Machine learning

From Fermat to Flow Matching

May 2026

A three-hundred-year path through least action

This started while I was watching a Veritasium video on Maupertuis and the principle of least action. As I watched it, I kept feeling similarities with diffusion models and flow matching, so I tried to follow that intuition from physics into generative modeling.

Jathushan Rajasegaran — UC Berkeley

1. A puzzle about bending light

In 1662, Pierre de Fermat was thinking about a peculiar fact: when light passes from air into water, it bends. The angle of bending obeys a simple rule — Snell's law — that had been known empirically for decades. But Fermat asked a different question: why this rule? What was the light doing?

His answer was strange and beautiful. Light, he proposed, picks the path that takes the least time. Not the shortest path — the fastest one. In air, light moves quickly; in water, more slowly. To get from a point above the surface to a point below, the straight-line path is the shortest, but the quickest path bends at the surface, spending more time in fast air and less in slow water. Work out the geometry, and Snell's law falls out exactly.

It was a strange thing to say. Light, somehow, was choosing. Every photon, before setting out, seemed to survey all possible routes and pick the cheapest one. Fermat himself was uncomfortable with the metaphysics; his contemporaries were worse. But the rule worked.

What no one in 1662 could have guessed is that Fermat had stumbled onto something far larger than optics. The idea that nature picks the cheapest path would, over the next three hundred years, eat physics whole — mechanics, electromagnetism, general relativity, quantum field theory. And, eventually, it would give us a way to derive a 2023 machine learning algorithm from first principles.

This post is about that arc. About how a single idea — nature optimizes — connects a 17th-century optics puzzle to flow matching, the technique used to train modern generative models. We will walk the historical thread quickly, then watch flow matching fall out of the same machinery that Lagrange and Hamilton built for mechanics. The math is well-known to specialists; the view, I think, is worth sharing.

2. Maupertuis and his thrifty universe

Eighty years after Fermat, in 1744, Pierre Louis Maupertuis took the principle and made it cosmic.

Maupertuis was president of the Berlin Academy, a favorite of Frederick the Great, and a man whose ambitions ran ahead of his mathematics. In a paper titled Accord de différentes lois de la nature qui avaient jusqu'ici paru incompatibles — "Agreement of different laws of nature that had hitherto appeared incompatible" — he proposed that Fermat's principle wasn't just about light. It was a universal law. Everything in nature, everywhere, picks the path of least action.

What was "action"? Maupertuis was vague. He defined it as something like $\int m v \, ds$ — mass times velocity, integrated along the path. It worked for some examples and failed for others, but the vision was clear: God had built a thrifty universe. "Nature, in producing its effects, always uses the simplest means."
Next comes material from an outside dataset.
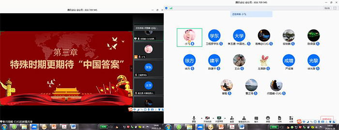2020年5月28日下午2点30分,地下空间工程系党支部通过“腾讯会议”软件在网络上进行了主题为《聚焦全国两会,凝聚决战决胜的中国信心》的支部党日活动,支部全体党员同志参会。地工系党支部书记谭飞同志主持了本次主题党日活动。全体与会党员唱国歌,并重温了入党誓词。随后,由闫雪峰同志带领大家开展了本次主题学习。

This was, to put it gently, controversial. Maupertuis got into a vicious priority dispute with followers of Leibniz, who claimed the idea had been Leibniz's all along. Voltaire — never one to miss a fight — wrote a satirical pamphlet, the Diatribe du Docteur Akakia, that mocked Maupertuis mercilessly. Frederick the Great, defending his Academy president, had copies of the pamphlet publicly burned in the streets of Berlin. The whole affair was a mess.

But Maupertuis had the right vision, even when he didn't have the right math.

3. Euler does the math

The math came, quietly, the same year. Leonhard Euler — in the middle of writing what would become one of the most influential textbooks in the history of mathematics, Methodus inveniendi lineas curvas — included an appendix that did, rigorously, what Maupertuis had been waving at.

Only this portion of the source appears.